§ **Requirement**
Excluding pictures, transcribe precisely the lines from the one containing "Sols moquettes, murs" to the final line of the listing below, inclusive, and nothing more.

** Exercise data follows **

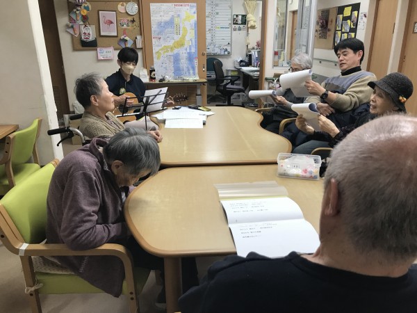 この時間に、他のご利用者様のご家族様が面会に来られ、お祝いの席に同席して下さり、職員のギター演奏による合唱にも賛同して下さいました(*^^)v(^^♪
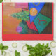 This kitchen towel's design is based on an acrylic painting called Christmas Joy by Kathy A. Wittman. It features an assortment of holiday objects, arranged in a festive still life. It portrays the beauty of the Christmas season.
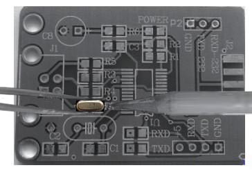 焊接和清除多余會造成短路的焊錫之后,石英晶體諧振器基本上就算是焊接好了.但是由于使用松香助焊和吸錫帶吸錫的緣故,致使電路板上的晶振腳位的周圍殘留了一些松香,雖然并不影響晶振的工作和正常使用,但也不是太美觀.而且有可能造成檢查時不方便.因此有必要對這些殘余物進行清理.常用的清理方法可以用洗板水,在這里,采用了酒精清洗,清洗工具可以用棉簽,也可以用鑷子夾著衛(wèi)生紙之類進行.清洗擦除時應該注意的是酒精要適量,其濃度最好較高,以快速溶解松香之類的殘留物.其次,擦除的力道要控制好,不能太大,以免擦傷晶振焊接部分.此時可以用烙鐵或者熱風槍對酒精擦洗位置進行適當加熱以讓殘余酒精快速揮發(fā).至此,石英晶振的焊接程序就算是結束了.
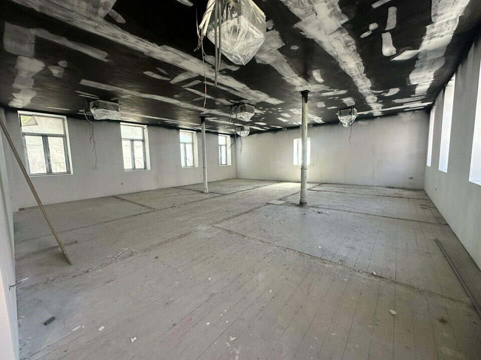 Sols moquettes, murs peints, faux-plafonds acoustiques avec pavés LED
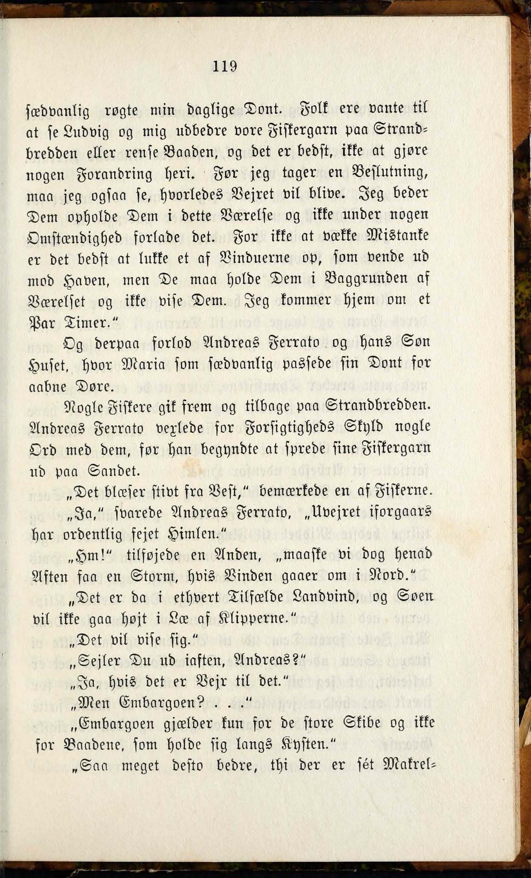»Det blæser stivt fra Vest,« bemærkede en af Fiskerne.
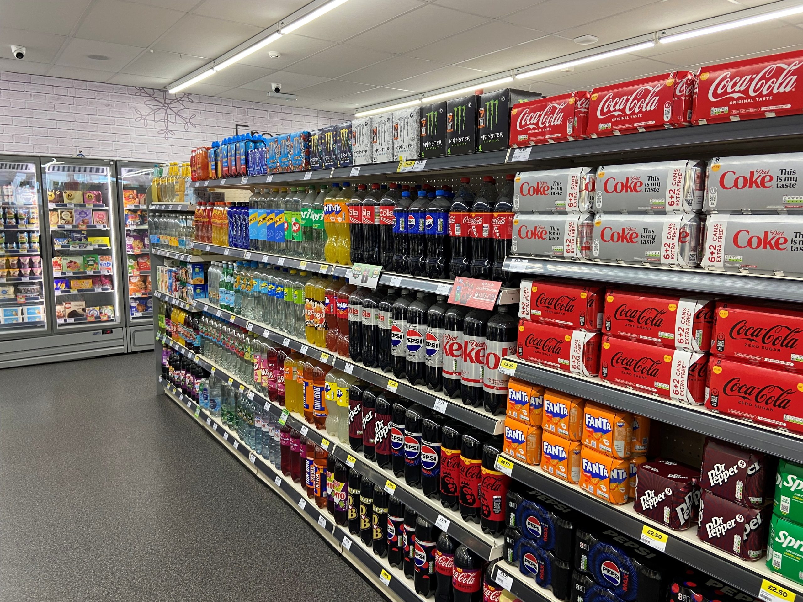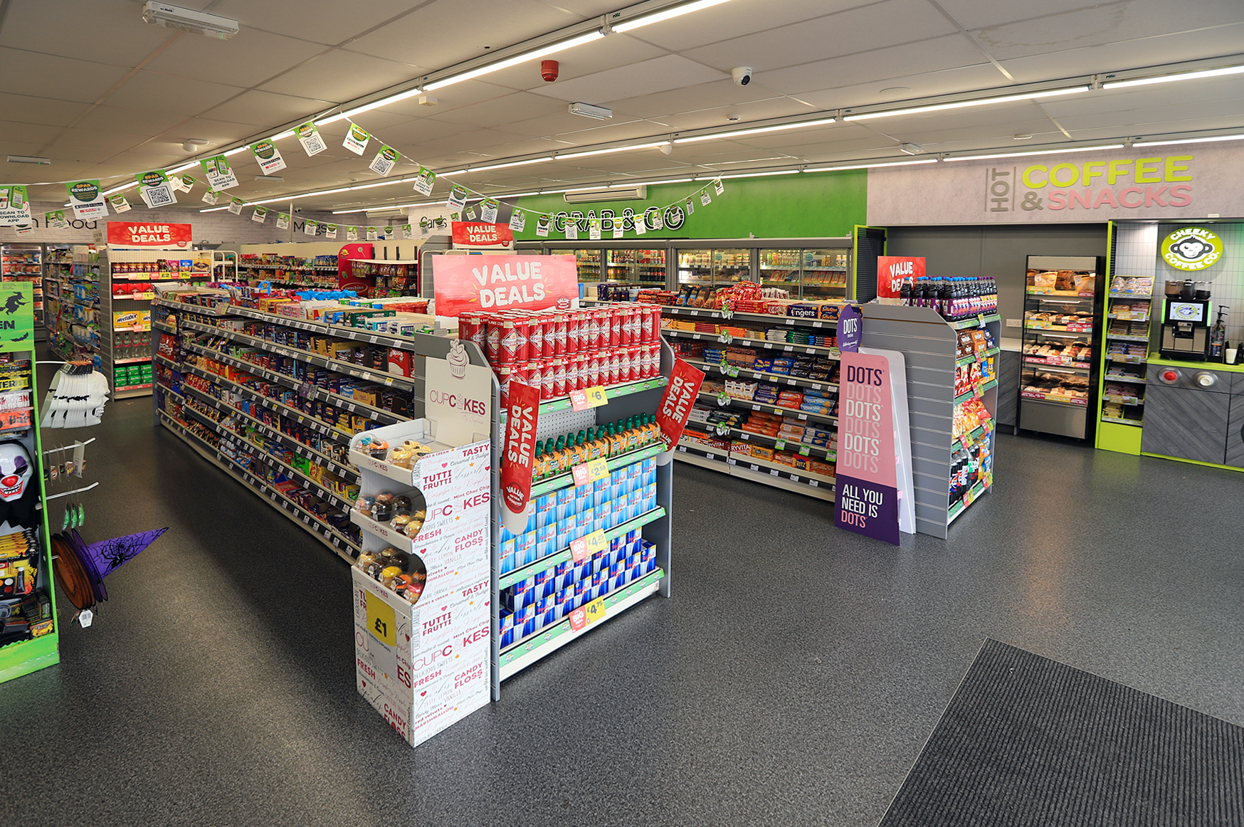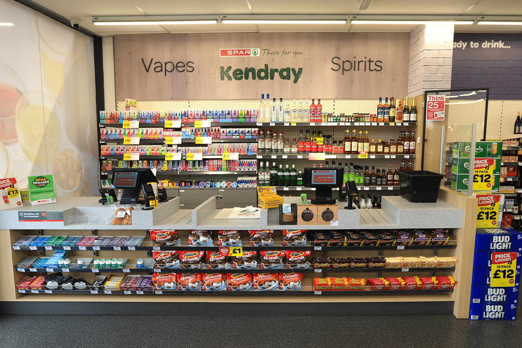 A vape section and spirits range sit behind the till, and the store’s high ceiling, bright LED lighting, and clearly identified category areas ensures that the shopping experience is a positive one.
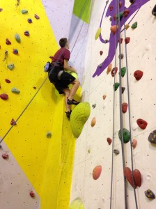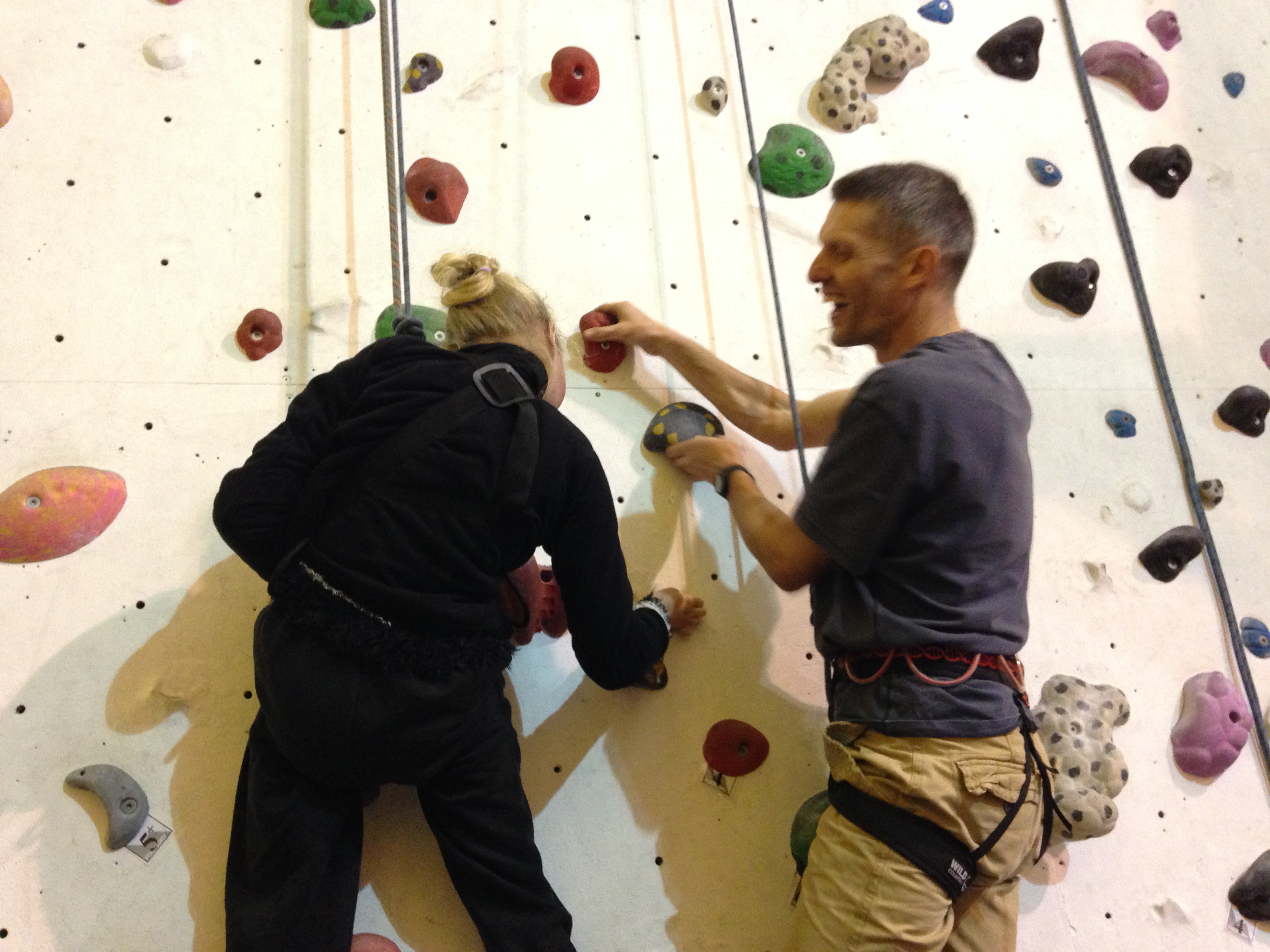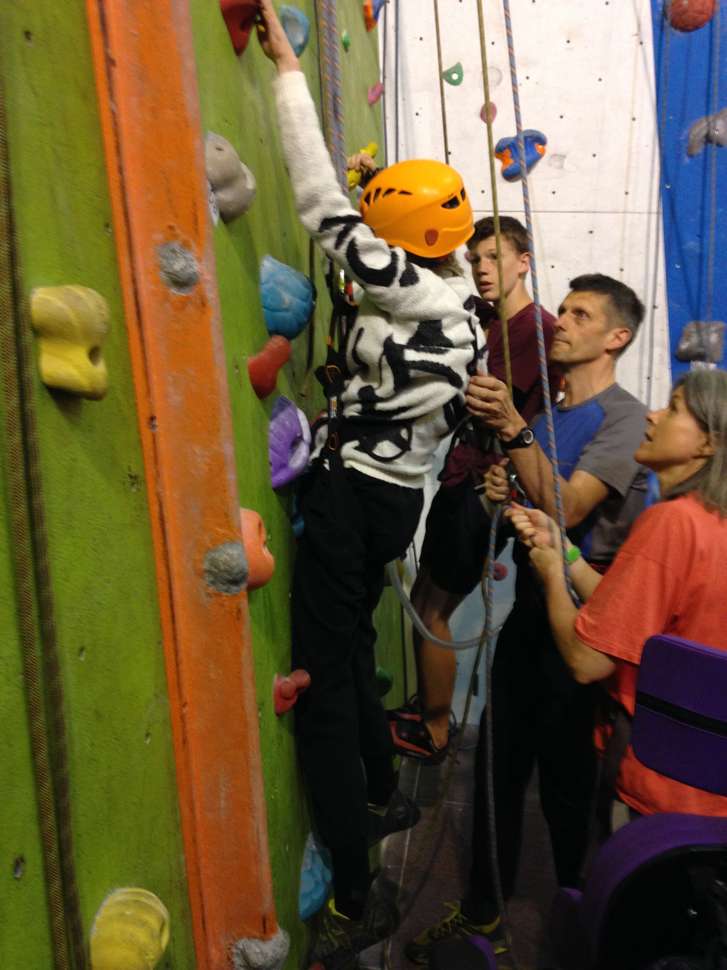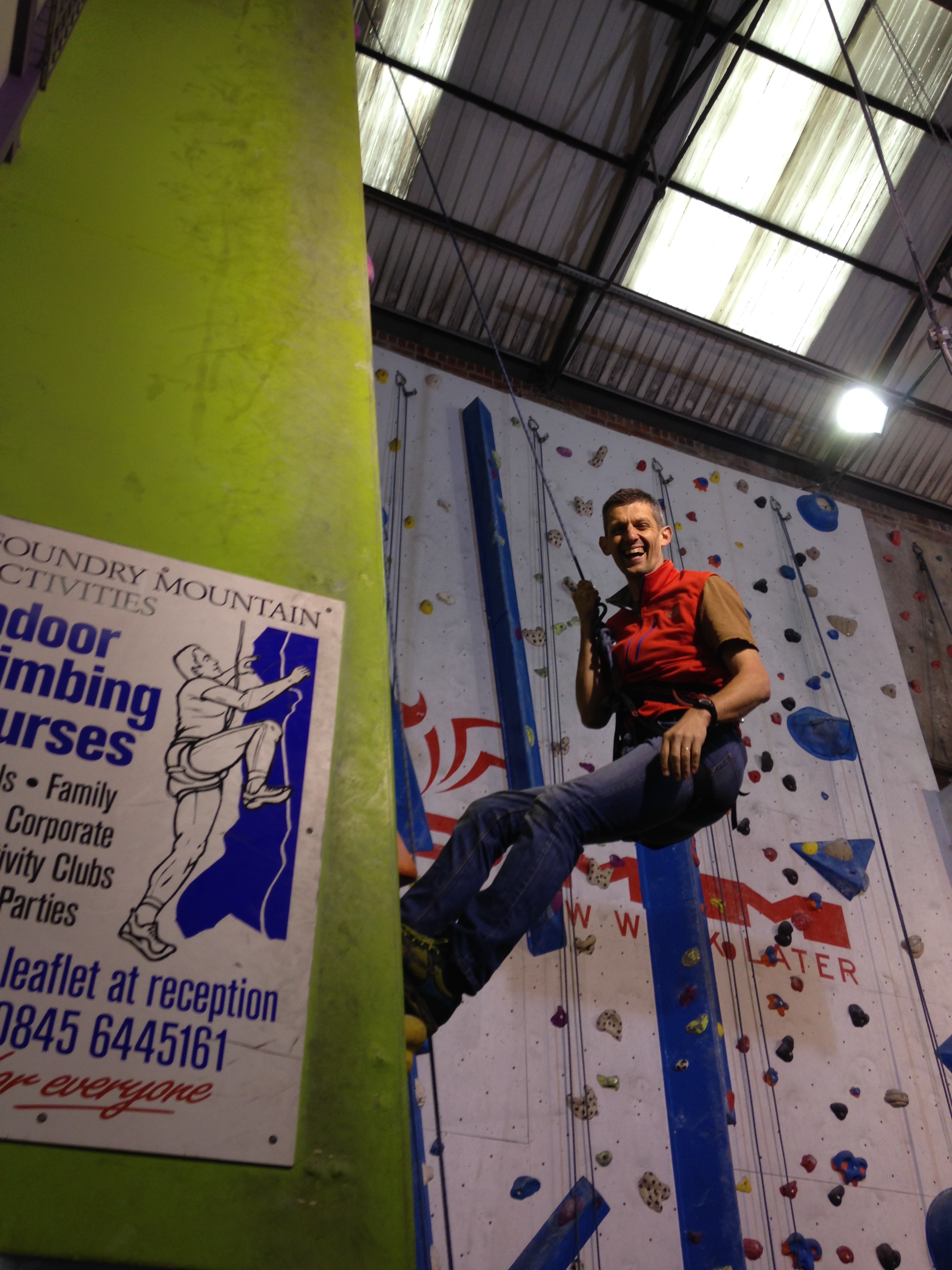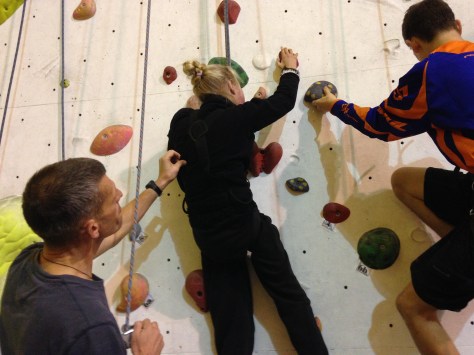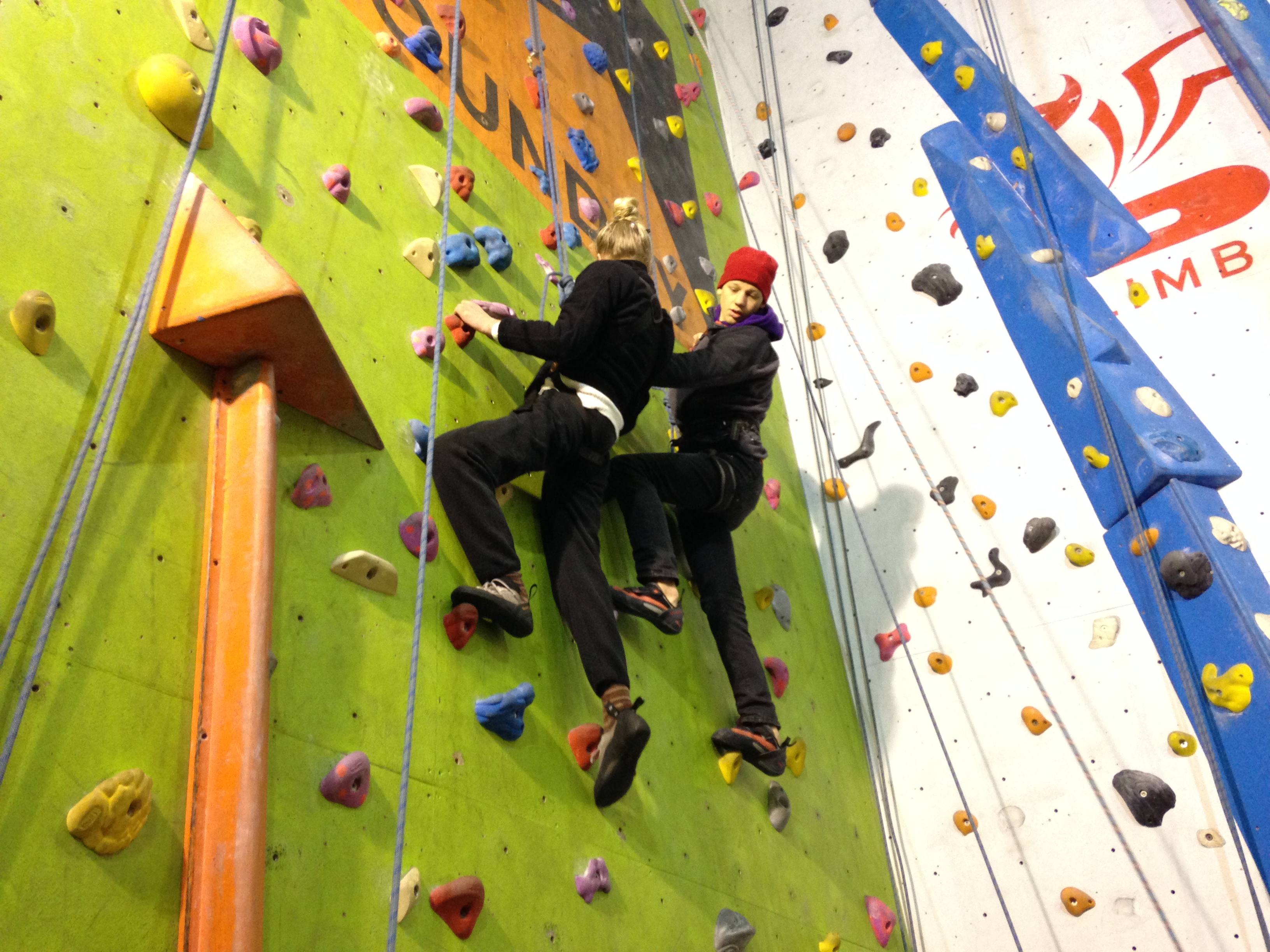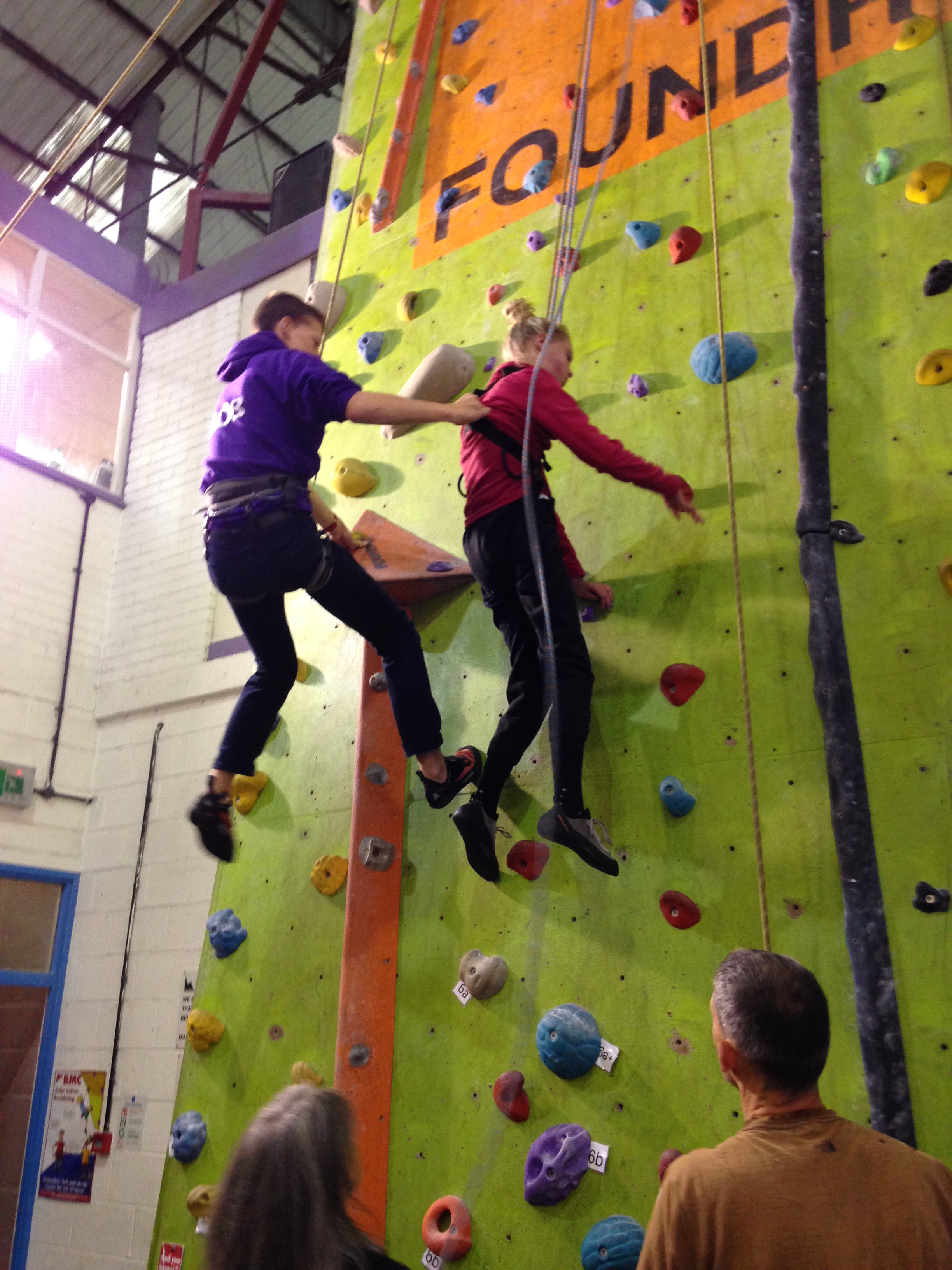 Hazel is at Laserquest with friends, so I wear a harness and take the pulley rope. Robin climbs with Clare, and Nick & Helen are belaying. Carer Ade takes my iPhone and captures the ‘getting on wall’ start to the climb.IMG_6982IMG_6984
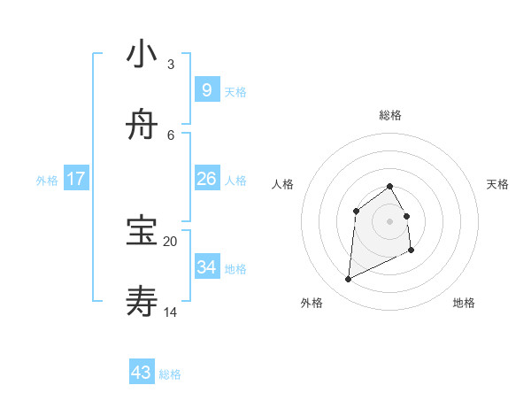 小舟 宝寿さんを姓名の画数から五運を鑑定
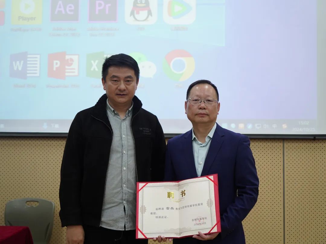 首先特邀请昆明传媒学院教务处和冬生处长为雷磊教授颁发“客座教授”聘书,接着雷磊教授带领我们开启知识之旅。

** End of Exercise data **

§ **Written answer**
 Sols moquettes, murs peints, faux-plafonds acoustiques avec pavés LED
»Det blæser stivt fra Vest,« bemærkede en af Fiskerne.
 A vape section and spirits range sit behind the till, and the store’s high ceiling, bright LED lighting, and clearly identified category areas ensures that the shopping experience is a positive one.
 Hazel is at Laserquest with friends, so I wear a harness and take the pulley rope. Robin climbs with Clare, and Nick & Helen are belaying. Carer Ade takes my iPhone and captures the ‘getting on wall’ start to the climb.IMG_6982IMG_6984
 小舟 宝寿さんを姓名の画数から五運を鑑定
 首先特邀请昆明传媒学院教务处和冬生处长为雷磊教授颁发“客座教授”聘书,接着雷磊教授带领我们开启知识之旅。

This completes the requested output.